To some, this was a travesty, the latest pansification of a violent game that is suddenly confused enough about its identity to be fining its own for just doing their jobs.
But really? Grow up. Harrison hit Vick hard. The pass fluttered to the ground, incomplete. The play was made and, if Harrison hadn’t spoken about it afterwards, it would have been one of hundreds of plays every week that don’t make it into the highlight reels. Deciding not to do something that’s against the rules isn’t a sign that the game is becoming soft, it’s a sign that the message is, against all odds and the bleating of dinosaurs like Harrison, actually getting through to the players.

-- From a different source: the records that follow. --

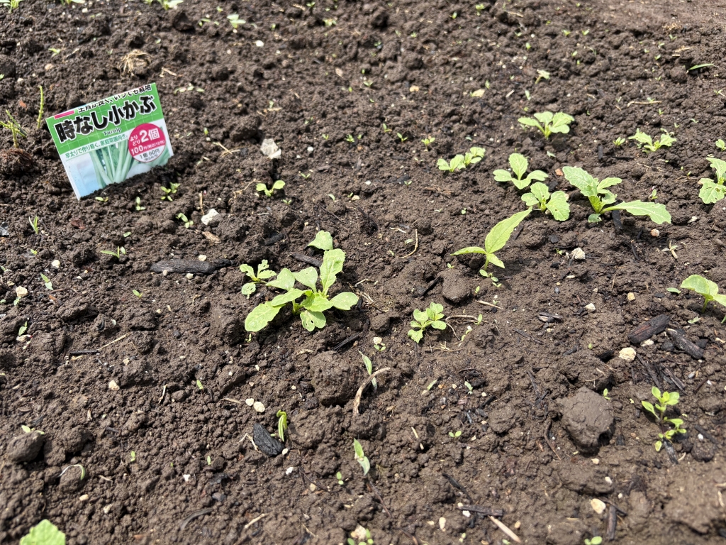前にブログに少し書きましたが、畑が大好きな息子の買った野菜の種が収穫できるまで大きくなりました。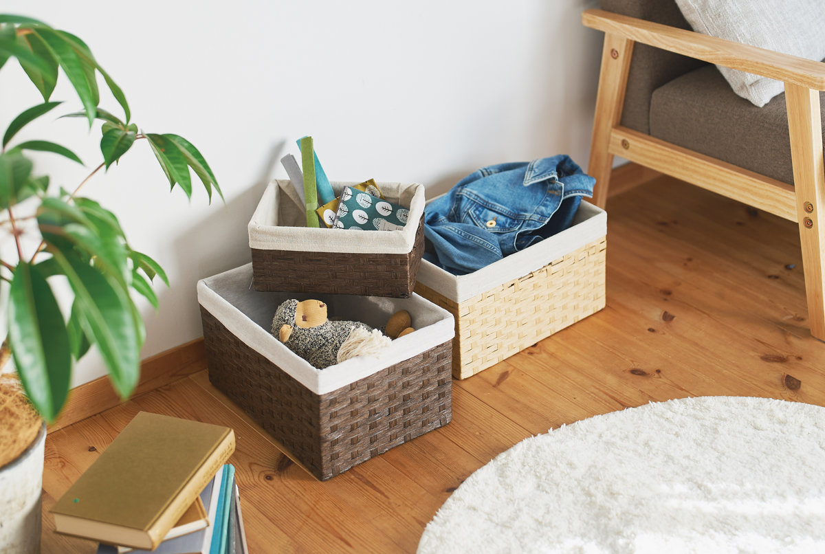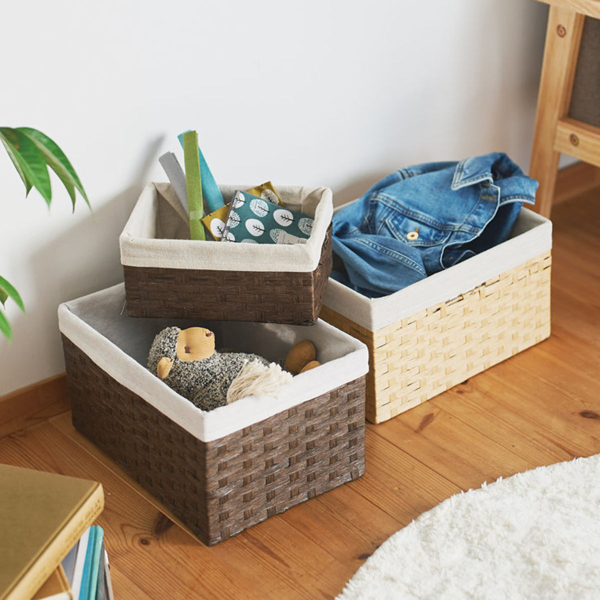 リビングや寝室、玄関などに置くだけでおしゃれな雰囲気を演出します。ナチュラルな風合いで空間に馴染みやすく、隠す収納にも見せる収納にも活躍する、便利でインテリア性の高い収納かごです。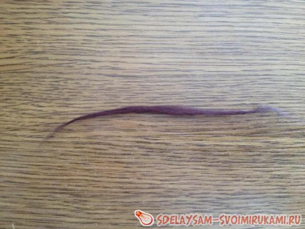 Когда войлочные шарики высохли, можно приступить к их украшению. Для этого возьмем немного войлока другого цвета и вытянем его на подобие шнурка.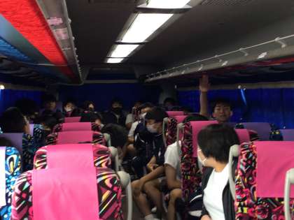バスの中では、レク係が中心になってバスレクが行われています。楽しんでます!
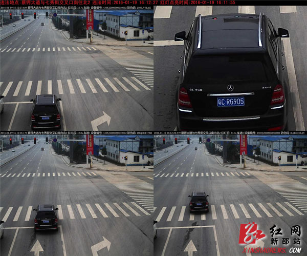 监控显示此辆车正在闯红灯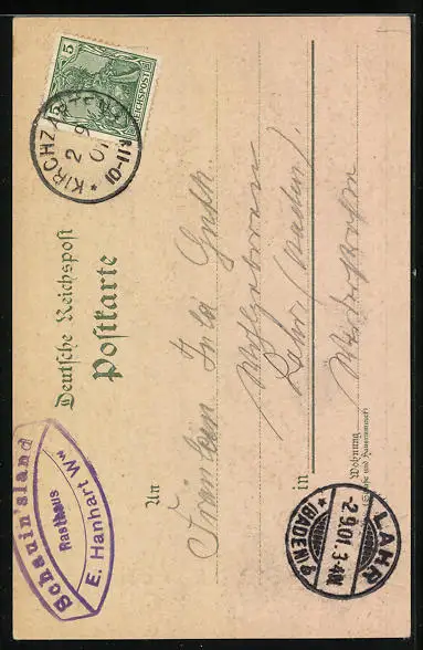 Personenbezogene Daten auf der Rückseite der Karte wurden durch blauen Textmarker unkenntlich gemacht. Die blauen Stellen sind auf die Vorderseite durchgeweicht und wirken sich negativ auf das Postkartenfoto aus

One week later, Packers rookie linebacker Nick Perry was fined $15,000 for a helmet-to-helmet hit on Luck. Perry didn’t lash out at the league, or the refs, or the rules. That stuff, more and more, is so last year. “I’ve got to be more focused on making a play without the head,” Perry said. And that’s it. That’s all it is. It’s harder than it sounds, sure, when the adrenalin is pumping and a split-second play is right in front of you. But it’s not impossible. The speed and ferocity isn’t going away, and James Harrison and Nick Perry will both dole out and suffer their share of concussions before their careers are over. But, slowly, the tide is turning. Cultures, like brains, don’t fix themselves overnight.
Still, some things never change. They didn’t change in 1905 and they won’t change now. You’ll never be able to slide your way into the end zone—you’ll always have to get through 11 men who are trying to hurt you if you want to reach pay dirt. And that is exactly as it should be.